In standalone mode, if we enable external shuffle service by setting
`spark.shuffle.service.enabled` to true, and then we try to start multiple
workers on one host(by setting `SPARK_WORKER_INSTANCES=3` in spark-env.sh, and
then run `sbin/start-slaves.sh`), we can only launch one worker on each host
successfully and the rest of the workers fail to launch.
The reason is the port of external shuffle service if configed by
`spark.shuffle.service.port`, so currently we could start no more than one
external shuffle service on each host.
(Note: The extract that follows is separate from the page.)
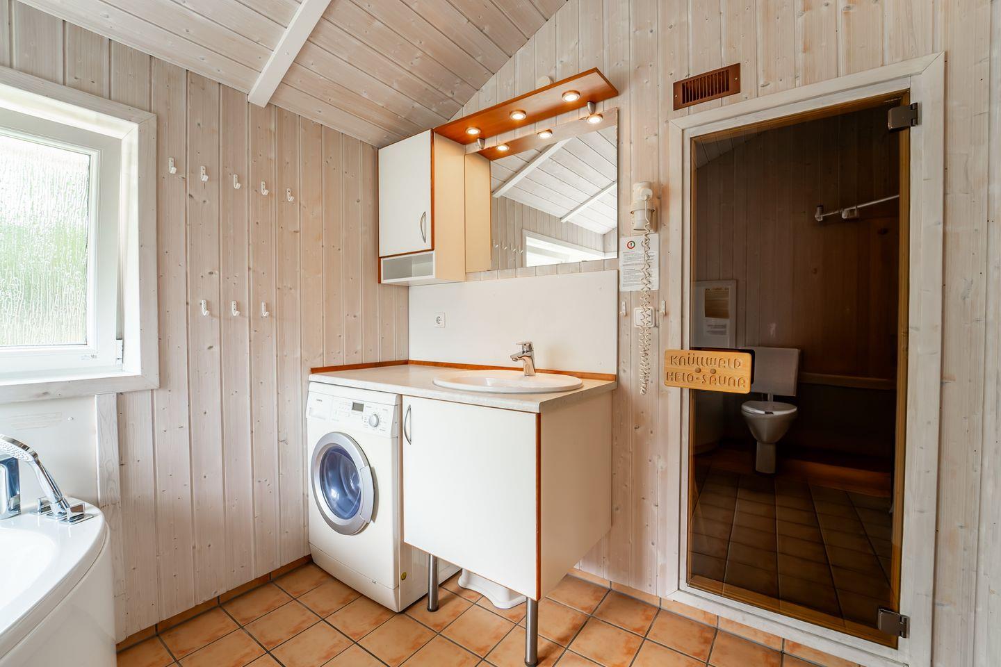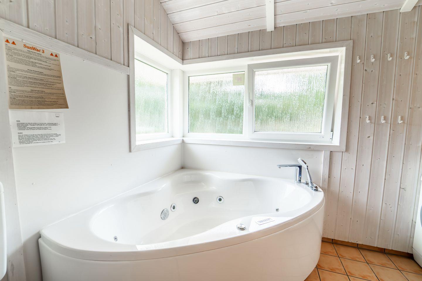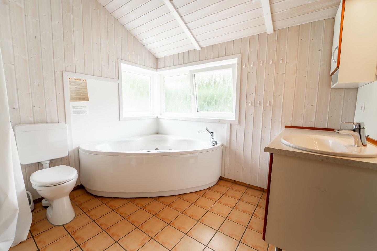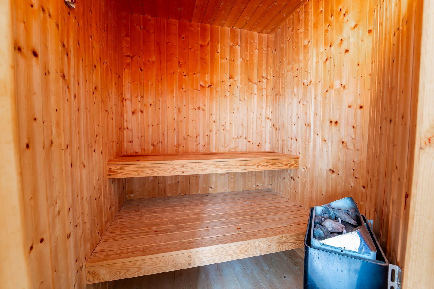 Das Badezimmer bietet eine Sauna, einen Whirlpool (für bis zu 2 Personen), eine bodengleiche Dusche, ein WC und ein Waschbecken.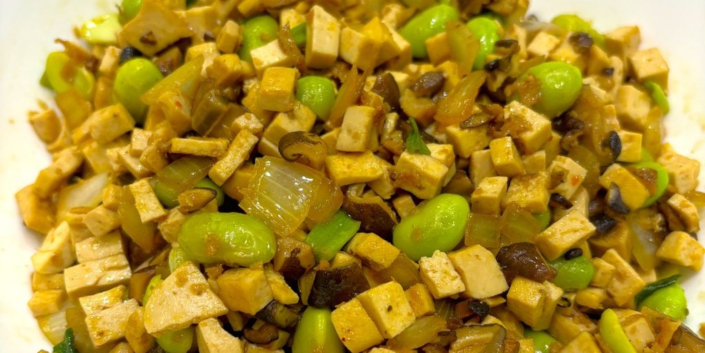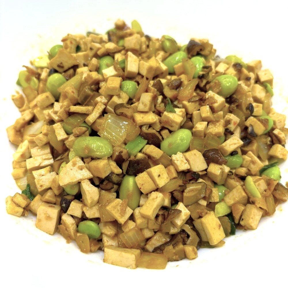 之前家人煮炸醬麵給我吃,但是用現成維X炸醬煮的。於是我在想:「能不能自己做做看炸醬呢?」於是這道南洋風味乾炒炸醬就誕生了!拌麵或是拌飯都好搭!豆干+毛豆讓你補充得到蛋白質,口感也超讚!

In our case, each worker tries to start
a external shuffle service, and only one of them succeeded doing this.
We should give explicit reason of failure instead of fail silently.
## How was this patch tested?
Manually test by the following steps:
1. SET `SPARK_WORKER_INSTANCES=1` in `conf/spark-env.sh`;
2. SET `spark.shuffle.service.enabled` to `true` in
`conf/spark-defaults.conf`;
3. Run `sbin/start-all.sh`.
Before the change, you will see no error in the command line, as the
following:
```
starting org.apache.spark.deploy.master.Master, logging to
/Users/xxx/workspace/spark/logs/spark-xxx-org.apache.spark.deploy.master.Master-1-xxx.local.out
localhost: starting org.apache.spark.deploy.worker.Worker, logging to
/Users/xxx/workspace/spark/logs/spark-xxx-org.apache.spark.deploy.worker.Worker-1-xxx.local.out
localhost: starting org.apache.spark.deploy.worker.Worker, logging to
/Users/xxx/workspace/spark/logs/spark-xxx-org.apache.spark.deploy.worker.Worker-2-xxx.local.out
localhost: starting org.apache.spark.deploy.worker.Worker, logging to
/Users/xxx/workspace/spark/logs/spark-xxx-org.apache.spark.deploy.worker.Worker-3-xxx.local.out
```
And you can see in the webUI that only one worker is running.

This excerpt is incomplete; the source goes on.